НТ: Я сторонник позиции, что защитить себя от рисков присвоения статуса «иностранного агента» может только одно: перестать быть активным гражданином, перестать писать, перестать высказывать свою точку зрения на происходящее вокруг или позицию по поводу ситуации в России. Все эти новые ограничения сформулированы так, что «иностранным агентом» может стать практически любой активный человек. При этом у меня нет сомнений, что применять его [закон] будут произвольным образом, начнут с наиболее неудобных режиму, дальше пойдут, что называется, в люди. И цель одна – посеять страх, сократить поддержку гражданской активности в России, сделать ее непопулярной, опасной, если хотите.

И вот тут уже все зависит от нас самих, хотим ли мы уйти в тень, перестать быть активными, хотим ли мы, чтобы у нас отняли право и возможность делать добро другим, пытаться менять жизнь вокруг себя к лучшему, чтобы нас загнали в рамки – это можно, а это нельзя, потому что наверху это считают вредным.

Исходя из этого, я не думаю, что обучение – в точном смысле слова – тут может быть особо полезно и работать на защиту. А вот максимально широкое информирование о том, что такие поправки внесены, чем они грозят и т.д., очень нужно. И важно такое информирование продолжать, чтобы не забывалось. И для меня лично тут скорее не вопрос в том, чтобы люди знали и боялись, а в том, чтобы знали и были не согласны, чтобы создавать максимально неудобное положение для власти – неприятие и публичное отторжение обществом (а не только отдельными активистами, журналистами, блогерами, правозащитниками, экологами и т.д.) этих новых ограничений.
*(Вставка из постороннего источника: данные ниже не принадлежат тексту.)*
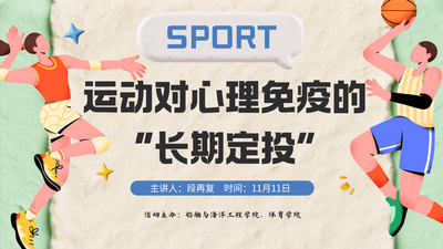 为深入落实立德树人根本任务,扎实推进“五育并举”育人体系建设,进一步提升学生心理健康素养,11月11日,船海学院联合体育学院开展“运动对心理免疫的‘长期定投’”心理健康专题讲座。讲座特邀体育学院段再复老师主讲,船海与体育学院百余名学子参与,共探运动与心理健康深层联结,以体强心赋能成长,助力学生德智体美劳全面发展。

Что касается обучения юристов, мне кажется, сейчас важно создать условия юристам, которые уже в этой проблематике специализируются, для обсуждения разных стратегий и, возможно, выработки общих подходов в юридической помощи тем, кого будут признавать «иноагентами». Важно и расширять круг таких юристов, обучать техникам защиты. Поправки сформулированы так, что применение может быть весьма разнообразным, мы это уже проходили с законом о НКО-иноагентах, когда под политической деятельностью признавались однозначно гуманитарные проекты, а под иностранным финансированием, например, возмещение транспортных расходов за участие в международной конференции сотрудника организации. Начнут применять поправки на практике, для юристов будет полезно обмениваться опытом.

СП: Лев Пономарев решил закрыть свою правозащитную организацию. Дарья Апахончич подала в суд на Министерство юстиции за то, что ей присвоили статус «иностранного агента». Существует ли оптимальная стратегия, когда речь идет о законодательстве об иностранном агенте и других ограничениях основных свобод? Какие правовые требования целесообразнее пытаться отменить или оспорить в суде? Какие из них разумнее просто соблюдать на данный момент?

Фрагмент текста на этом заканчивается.